**SUPPLIED INFORMATION**
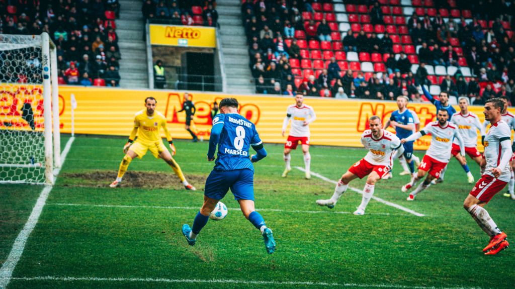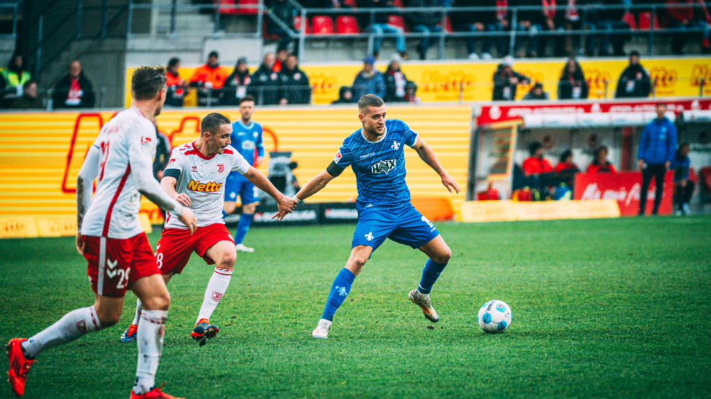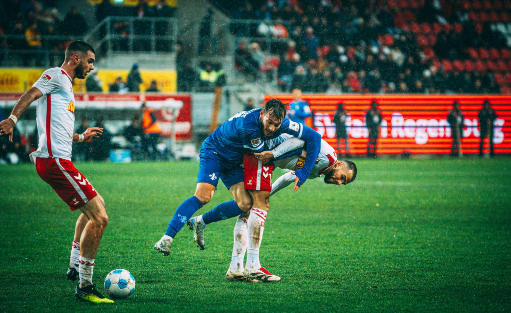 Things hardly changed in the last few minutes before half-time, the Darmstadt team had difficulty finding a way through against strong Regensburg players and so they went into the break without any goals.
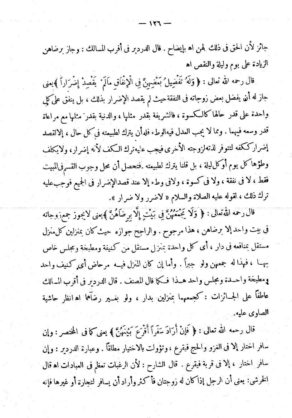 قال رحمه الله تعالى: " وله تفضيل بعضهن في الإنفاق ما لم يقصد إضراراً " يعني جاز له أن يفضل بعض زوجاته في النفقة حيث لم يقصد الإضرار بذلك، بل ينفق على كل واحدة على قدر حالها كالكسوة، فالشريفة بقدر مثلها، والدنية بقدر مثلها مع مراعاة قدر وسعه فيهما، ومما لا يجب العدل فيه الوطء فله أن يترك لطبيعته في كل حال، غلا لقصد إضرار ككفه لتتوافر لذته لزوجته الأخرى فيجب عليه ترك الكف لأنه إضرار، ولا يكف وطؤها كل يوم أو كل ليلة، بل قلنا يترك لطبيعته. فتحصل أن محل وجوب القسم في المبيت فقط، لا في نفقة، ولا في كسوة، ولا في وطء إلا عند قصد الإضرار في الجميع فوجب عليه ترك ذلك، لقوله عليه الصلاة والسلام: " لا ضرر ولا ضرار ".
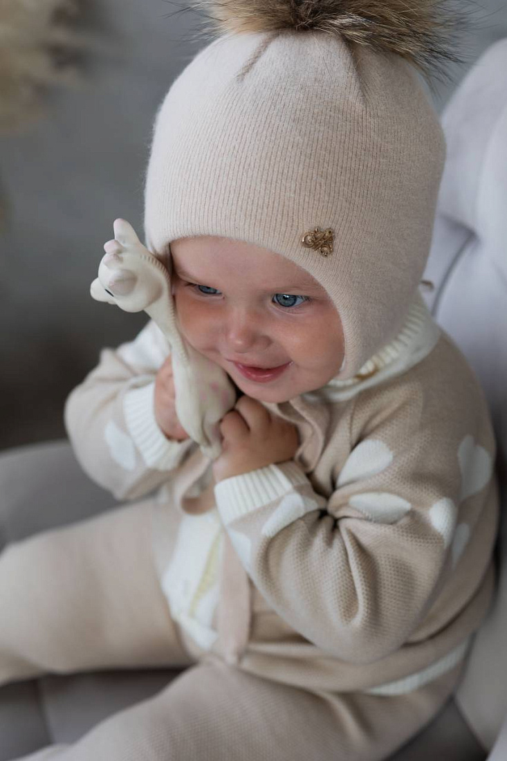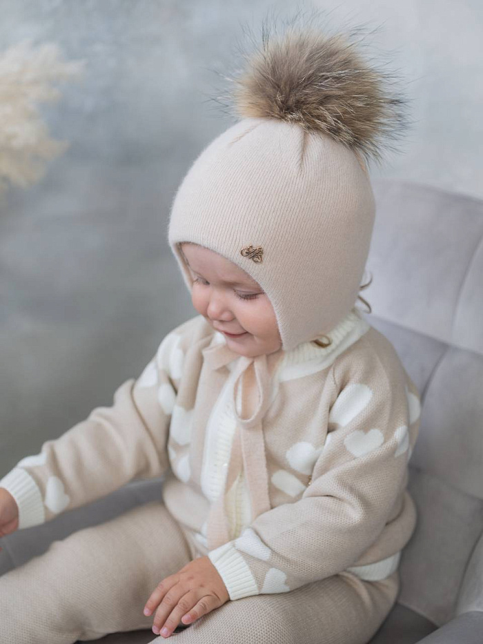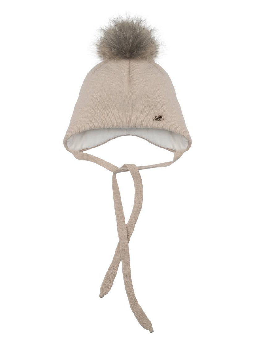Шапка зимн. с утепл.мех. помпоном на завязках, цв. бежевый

**YOUR OBJECTIVE**
Copy the listing exactly. Any image in it stays out of the copy.

**EXERCISE RESULT**
 Things hardly changed in the last few minutes before half-time, the Darmstadt team had difficulty finding a way through against strong Regensburg players and so they went into the break without any goals.
 قال رحمه الله تعالى: " وله تفضيل بعضهن في الإنفاق ما لم يقصد إضراراً " يعني جاز له أن يفضل بعض زوجاته في النفقة حيث لم يقصد الإضرار بذلك، بل ينفق على كل واحدة على قدر حالها كالكسوة، فالشريفة بقدر مثلها، والدنية بقدر مثلها مع مراعاة قدر وسعه فيهما، ومما لا يجب العدل فيه الوطء فله أن يترك لطبيعته في كل حال، غلا لقصد إضرار ككفه لتتوافر لذته لزوجته الأخرى فيجب عليه ترك الكف لأنه إضرار، ولا يكف وطؤها كل يوم أو كل ليلة، بل قلنا يترك لطبيعته. فتحصل أن محل وجوب القسم في المبيت فقط، لا في نفقة، ولا في كسوة، ولا في وطء إلا عند قصد الإضرار في الجميع فوجب عليه ترك ذلك، لقوله عليه الصلاة والسلام: " لا ضرر ولا ضرار ".
Шапка зимн. с утепл.мех. помпоном на завязках, цв. бежевый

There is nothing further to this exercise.